Jenny Fähndrich

Personal information
- Full name: Jenny Fähndrich
- Born: 25 April 1989 (age 35) Carouge, Switzerland
- Height: 1.65 m (5 ft 5 in)
- Weight: 70 kg (154 lb)

Team information
- Current team: BC Geneva
- Discipline: Bicycle motocross (BMX)
- Role: Rider
- Rider type: Off road

= Jenny Fähndrich =

Swiss BMX rider (born 1989)

Jenny Fähndrich (born 25 April 1989 in Carouge) is a Swiss professional BMX cyclist. She has claimed seven Swiss national championship titles in women's BMX category, and also represented her nation Switzerland, as a 19-year-old junior, at the 2008 Summer Olympics. Fahndrich has currently raced professionally for Bicicross Club Geneva under her personal and head coach Hervé Krebs.

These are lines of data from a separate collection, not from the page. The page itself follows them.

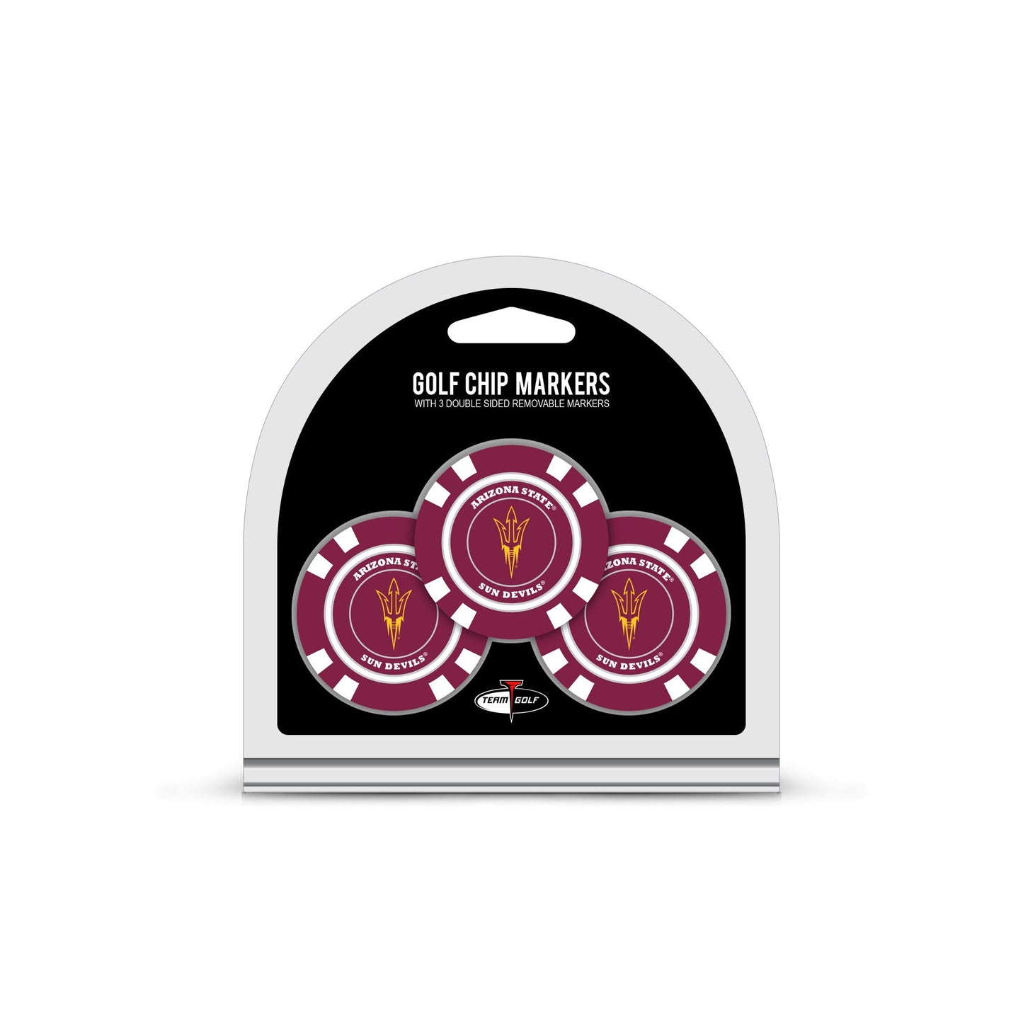3 pack includes 3 golf chip ball markers with a team logo on the back of the chip and a strong magnet to hold the removable double sided enamel fill ball markers.
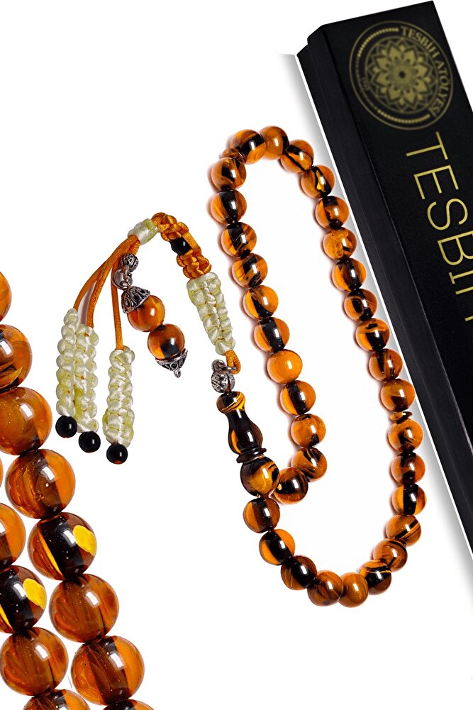 Ürün ya da Doğal Taş Açıklaması (Baş Ağrısı Sinir ve Stres) Tesbih Atölyesi, Sıkma kehribar tesbih, tasarımları özel olarak usta ellerde tasarlanır. Tasarımlarımız el yapımı olup sınırlı adette üretilmektedir. Tasarımlarda kullanılan püsküller düşük ayar gümüşten imal edilir. Tasarımlarda kullanılan kehribar taneleri hareli özel kalıplardan yapılır. Yapay reçine ile üretilmektedir. Ürünlerimiz renk almakta ve koku vermektedirler. Bu tasarımda; Kahverengi ve koyu sarı renkli yoğun hareli renk alan kaliteli sıkma kehribar reçine kullanılmıştır. Her kehribar tanesi birbirinin aynısı olmadığı için küçükte olsa farklılıklar gösterebilir. Üretildiği Malzeme; Sıkma Kehribar; Ana Renk; Kahverengi ve Turuncu Renk; Ağırlık; 20-30 gr; Tane Şekli; 8x9 mm; Tane Ölçüsü; Küre Kesim; Toplam Uzunluk; 20-30 cm; İmame ve Püskül Maddesi; Makrome;
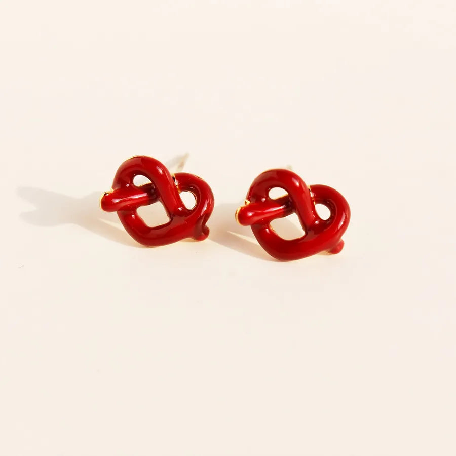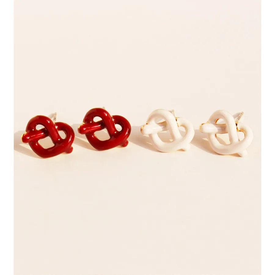 Enhance your style with these elegant and unique knot stud earrings, available in both vibrant red and classic white. Perfectly crafted with a sleek, modern design, they effortlessly blend simplicity and sophistication.
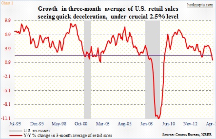 The U.S. economy continues to churn out mixed messages. The retail sales number on Wednesday was an outright dud. Sales in April were flat month-over-month, against expectations for a 0.2-percent gain. With that, sales are now down to flat in … Continued
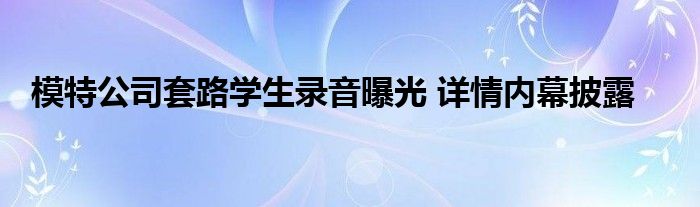 大家好.我是互联百科的羽儿,现在为大家解决以上模特公司套路学生录音曝光 详情内幕披露的问题.
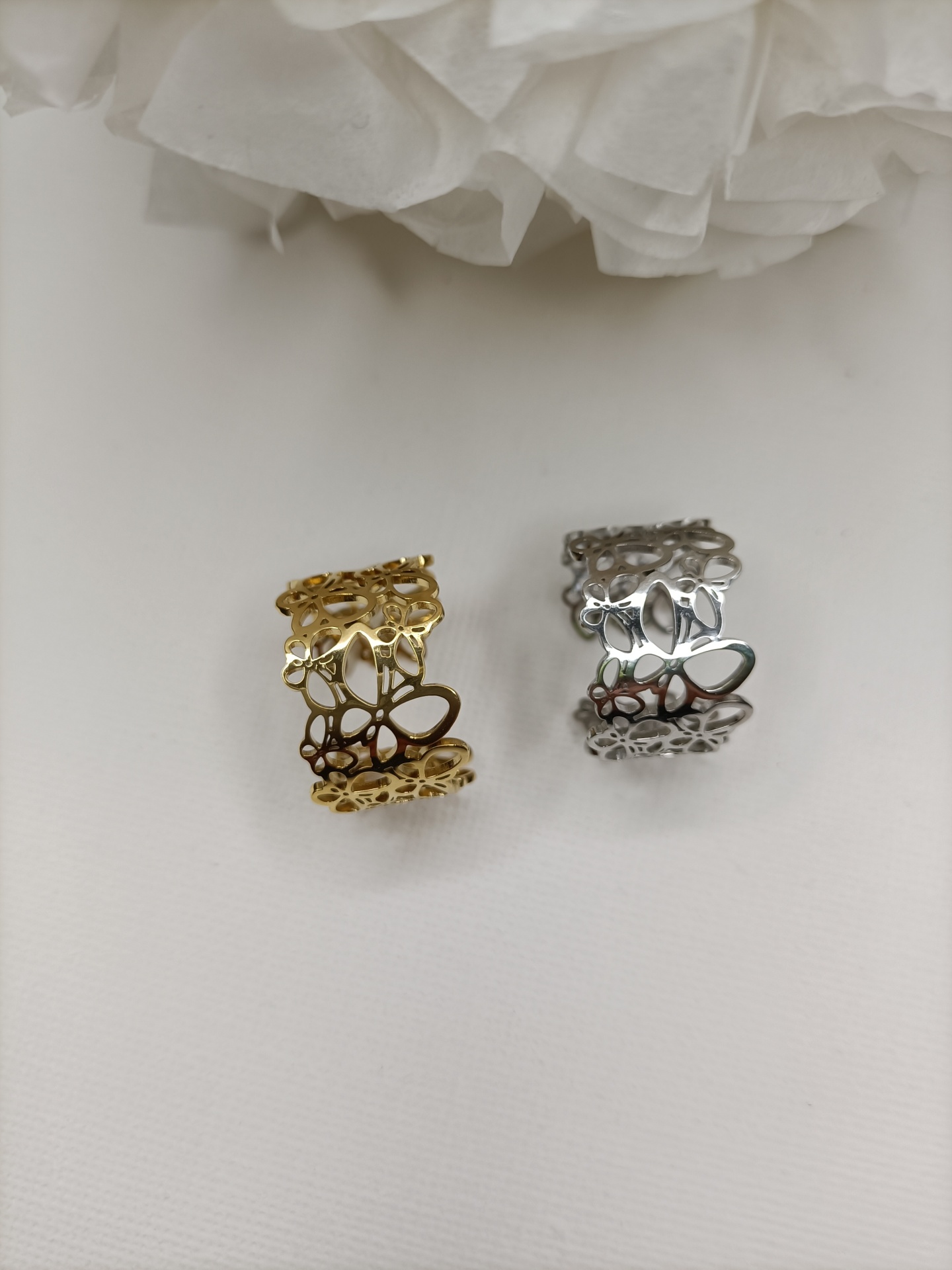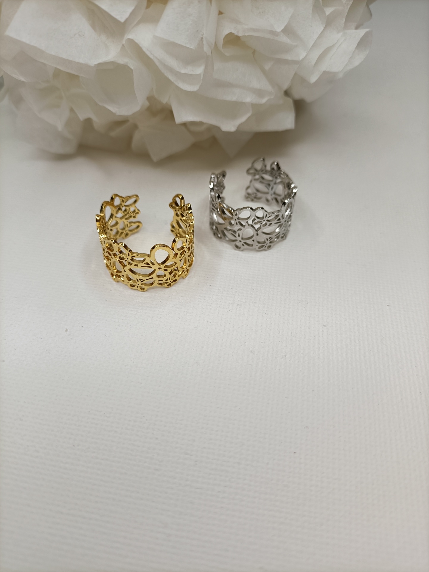 • Par de anéis abertos dourado e prateado com design de renda circular sobre fundo branco.
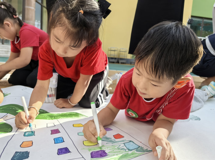 首先,老师们通过生动的图片和故事,为孩子们讲解了国庆节的意义和国旗的象征,在幼小的心灵中播下爱国的种子。随后,最引人注目的“亲子百米画卷”活动拉开帷幕。家长与孩子们齐上阵,他们或趴或坐,用手中的画笔尽情挥洒,将心中的祖国与美好祝福描绘在长长的画布上,构成一幅壮丽的爱国图景。与此同时,各班级的“亲子手工”活动也热闹非凡。一家人默契配合,制作出一面面鲜艳的五星红旗和精致的手工作品,现场充满了温馨与协作的暖流。最后,孩子们与老师一同观看了红色经典动画电影。银幕上英雄们的故事,吸引着孩子们的目光,让他们知道今天幸福生活的来之不易。

Fahndrich qualified for the Swiss squad, as a lone female rider, in women's BMX cycling at the 2008 Summer Olympics in Beijing by receiving an invitational berth from the Union Cycliste Internationale, based on her best performance at the UCI World Championships in Taiyuan, China. After she grabbed a ninth seed on the morning prelims with a time of 38.209, Fahndrich scored a total of 17 placing points to take the sixth spot in the semifinals, thus eliminating her from the tournament.